Seperti yang terjadi pada Selasa (4/8) siang. Lahan kebun masyarakat seluas kurang lebih 2 Hektare di Kampung Tumbit Melayu Kecamatan Sambaliung habis dilahap api. Karhutla ini memicu kekhawatiran lantaran dari laporan warga, ada pemukiman warga yang dekat dengan lokasi kebakaran.

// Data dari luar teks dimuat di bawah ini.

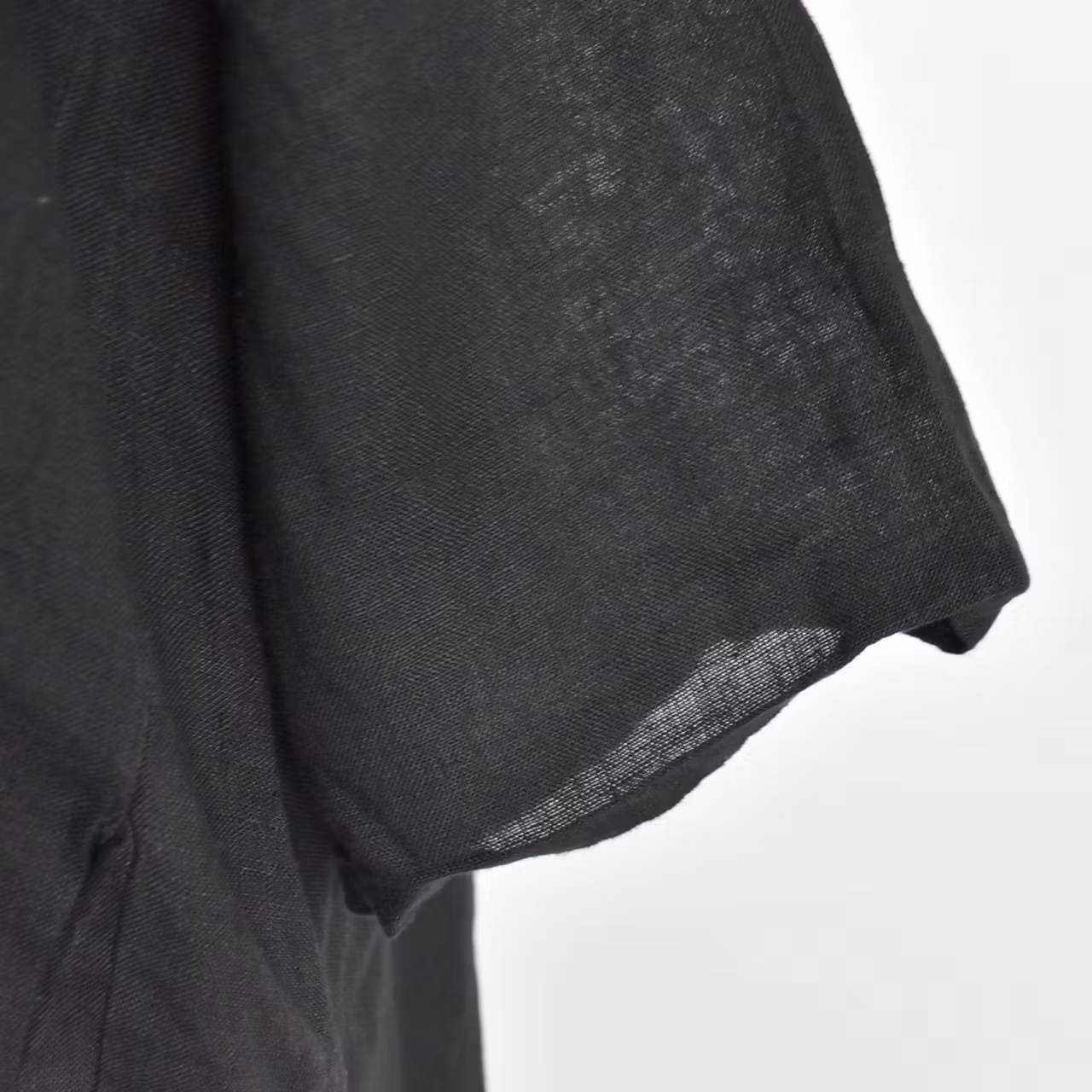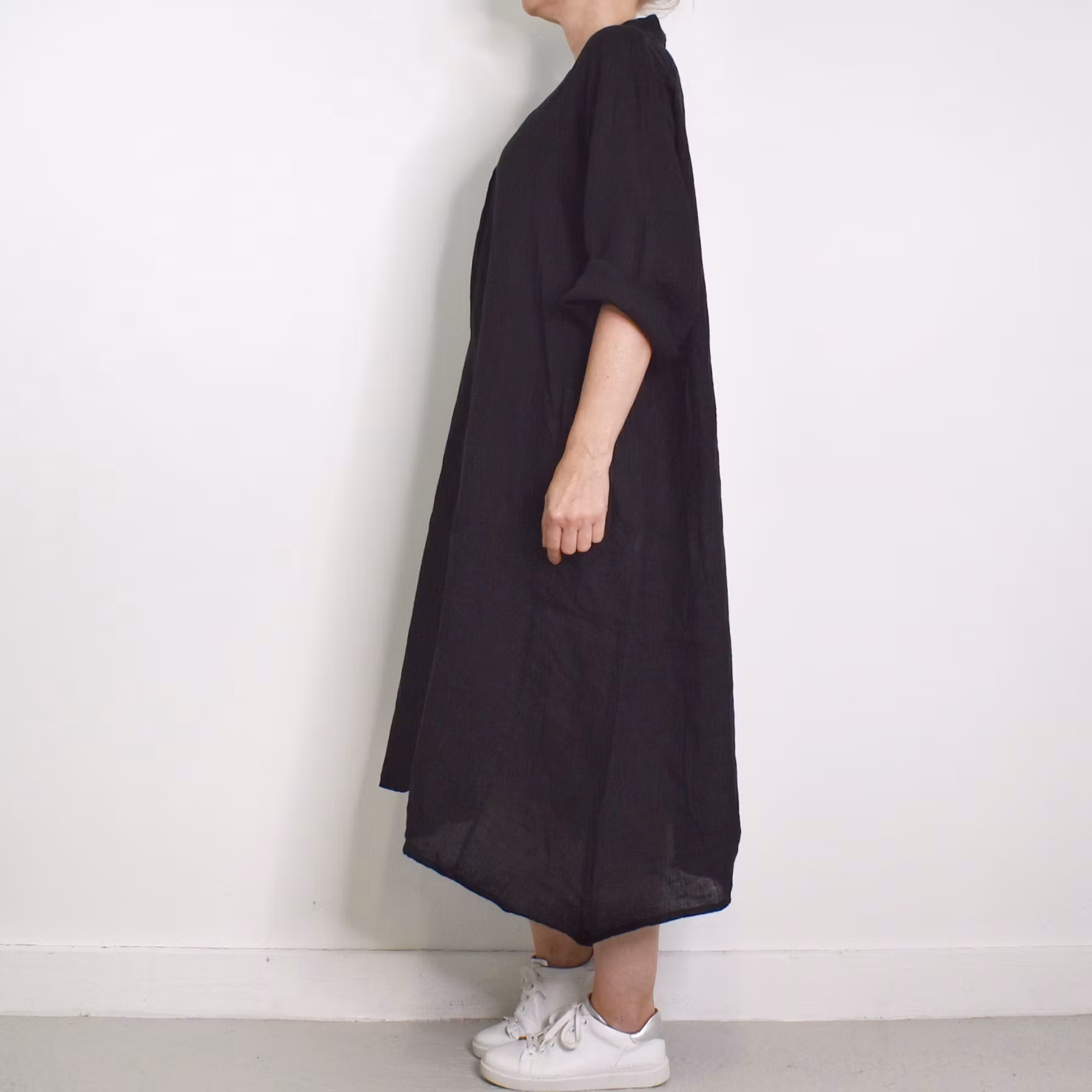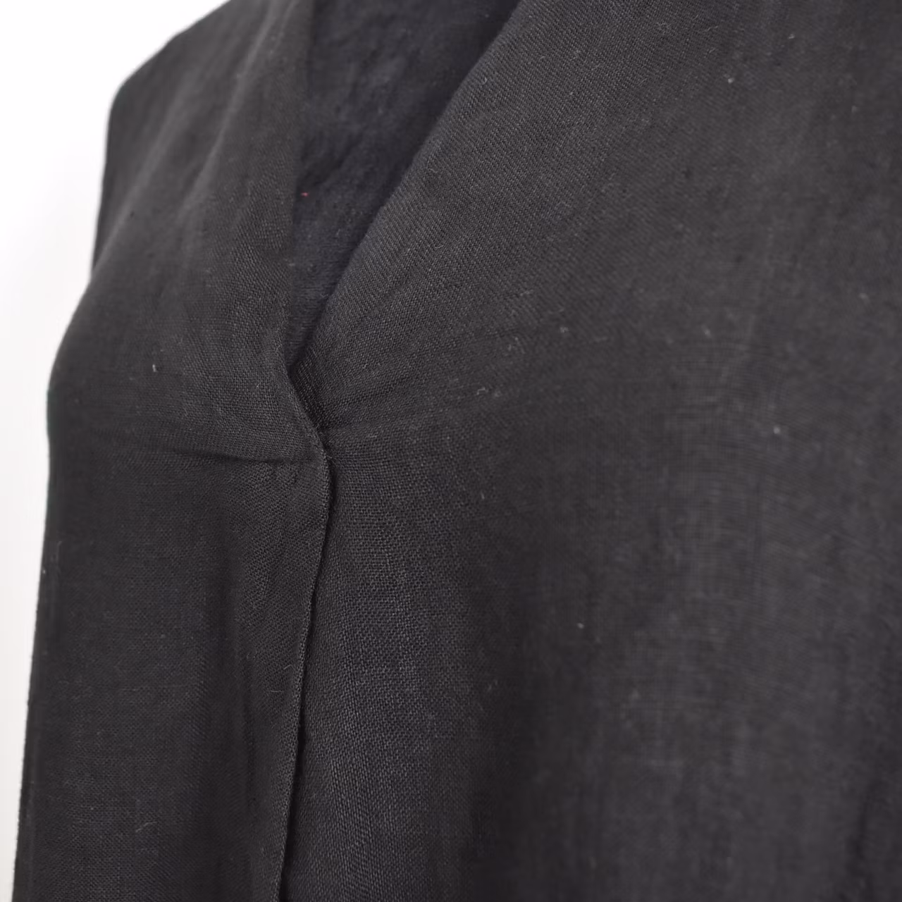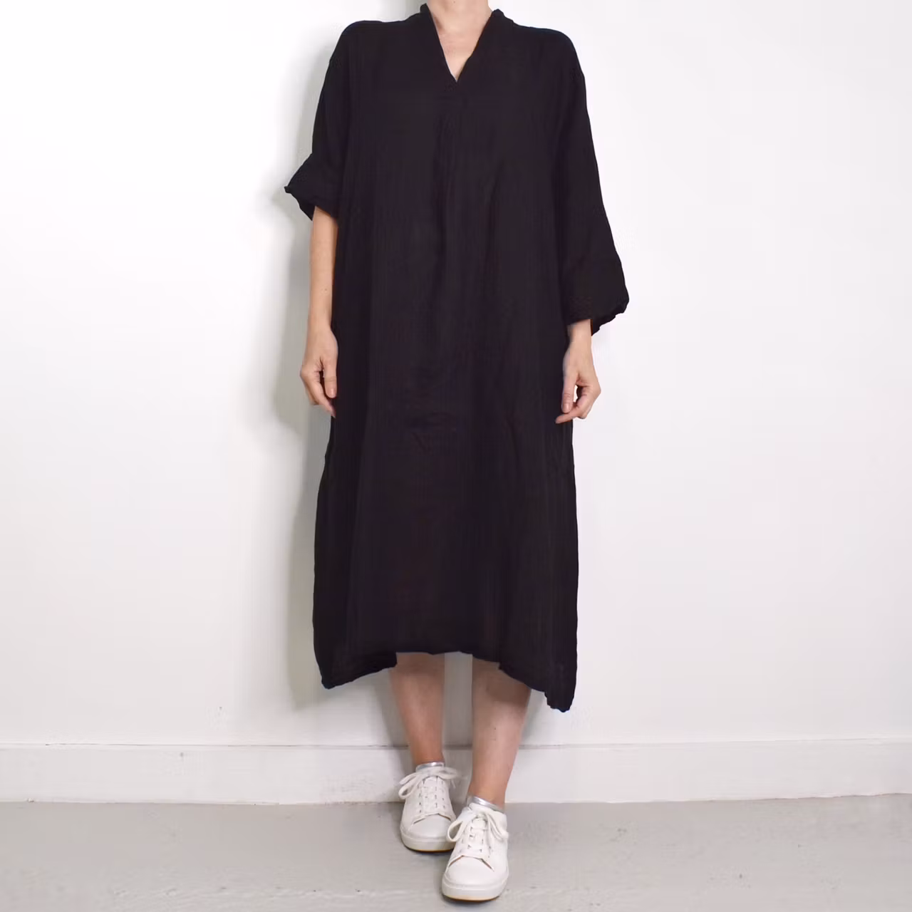 Det här är en snygg rymlig linneklänning med v-ringning och dekorativt sprund fram. Ärmen är trekvartslång och kan vikas upp. I sidorna finns gömda fickor. Observera att materialet inte innehåller stretch och att tyget är tunt. Modellen har en bröstvidd på cirka 88cm och är 163cm lång. Observera att förekomsten av streck, färgskiftningar etc. inte är defekter utan en del av det som gör tyget vackert.

“Kami dapat laporannya sekitar pukul 14.17 Wita dan langsung menurunkan personnel ke lokasi. Pemadaman memakan waktu cukup lama sejak pukul 14.45 wita saat petugas tiba di lokasi hingga pukul 16.38 wita akhirnya api berhasil dipadamkan,” ujar Kepala BPBD Berau, Masyahadi Muhdi.
Untuk penyebab atau kronologis pasti terjadinya Karhutla belum bisa dipastikan. Terlebih dengan kondisi cuaca panas dan angin kencang yang menjadi salah satu penyebab cepat meluasnya kobaran api.

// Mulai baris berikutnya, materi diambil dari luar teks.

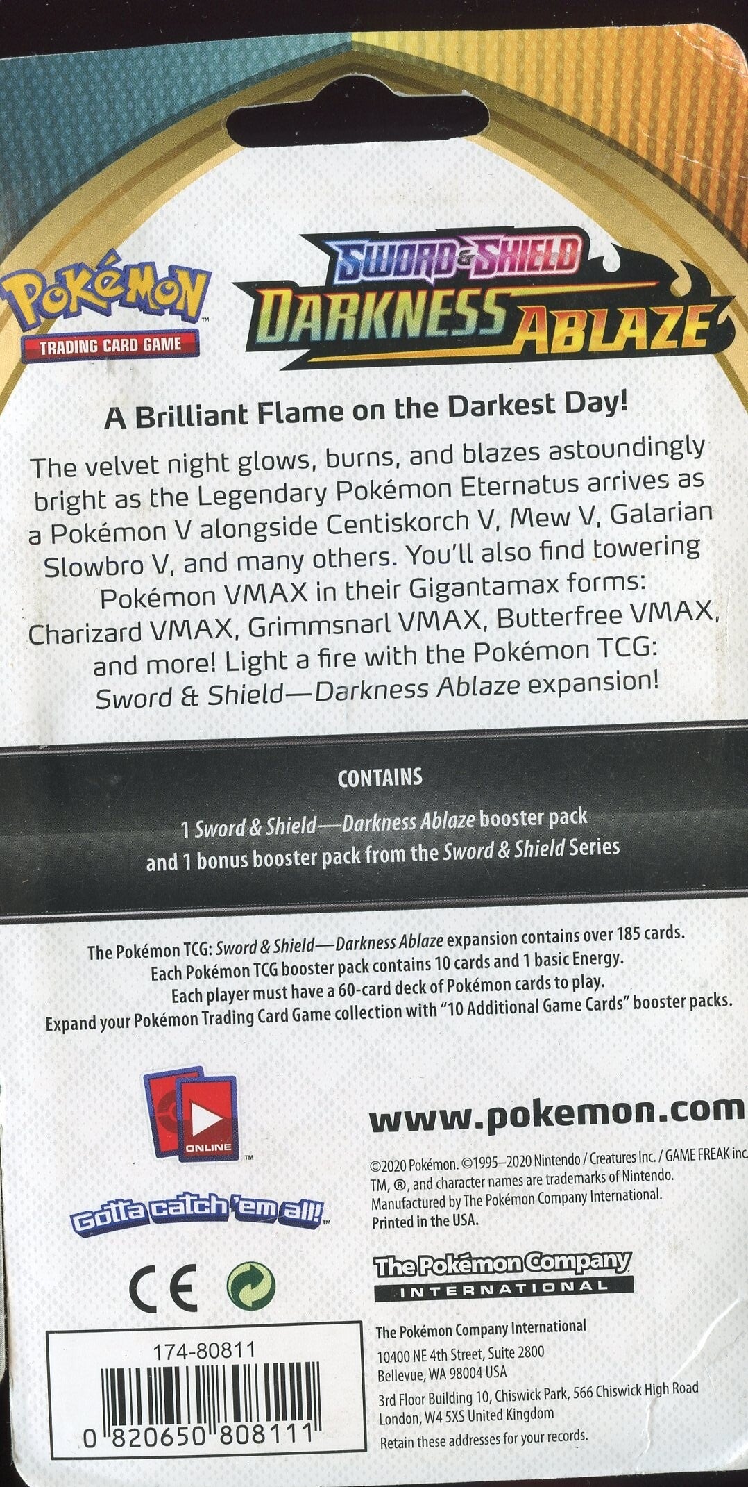 Brand new factory sealed Pokémon TCG Sword & Shield Darkness Ablaze 2-pack blister. Includes 1 Darkness Ablaze booster pack and 1 bonus Sword & Shield Series booster pack. Great for collectors, sealed product buyers, or pack artwork collectors. Please review photos for package condition and shelf wear.
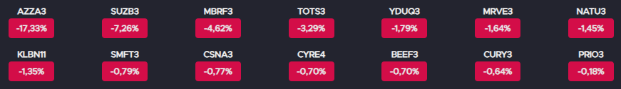 Suzano (SUZB3) caiu 7,26%, após rebaixamento de recomendação pelo Bank of America e corte significativo no preço-alvo. A ação também apresentou forte volatilidade, chegando a entrar em leilão na B3, refletindo ajustes de expectativa para o setor de papel e celulose.
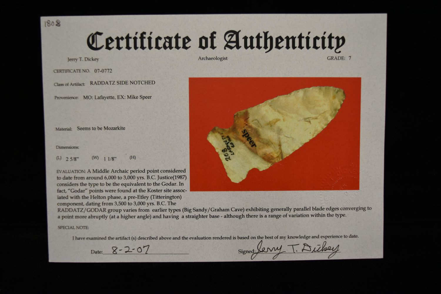 2 5/8" Raddatz Side Notch, Dickey COA, Lafayette, Missouri

“Says langsung memberikan perintah kepada Kabid Kedaruratan dan Logistik, kemudian Kabid memerintahkan personil TRC untuk melakukan pemadaman dan pendinginanan serta dibantu personel dari Manggala Angin, Disdamkar,” tambahnya.
Sebanyak 2 Unit Mobil Dalkarhutla BPBD dan 1 Unit Mobil Ws DISDAMKARTAN yang diterjunkan ke lokasi untuk melakukan pemadaman.
Sehari sebelumnya pada Senin (3/8) siang juga terjadi Karhutla di empat titik sekaligus yakni di Jalan Poros Samarinda Kilometer 23, area Limunjan dan dua titik di area Labanan. Petugas yang merespon dengan cepat, berhasil memadamkan api dengan cepat. (Ard)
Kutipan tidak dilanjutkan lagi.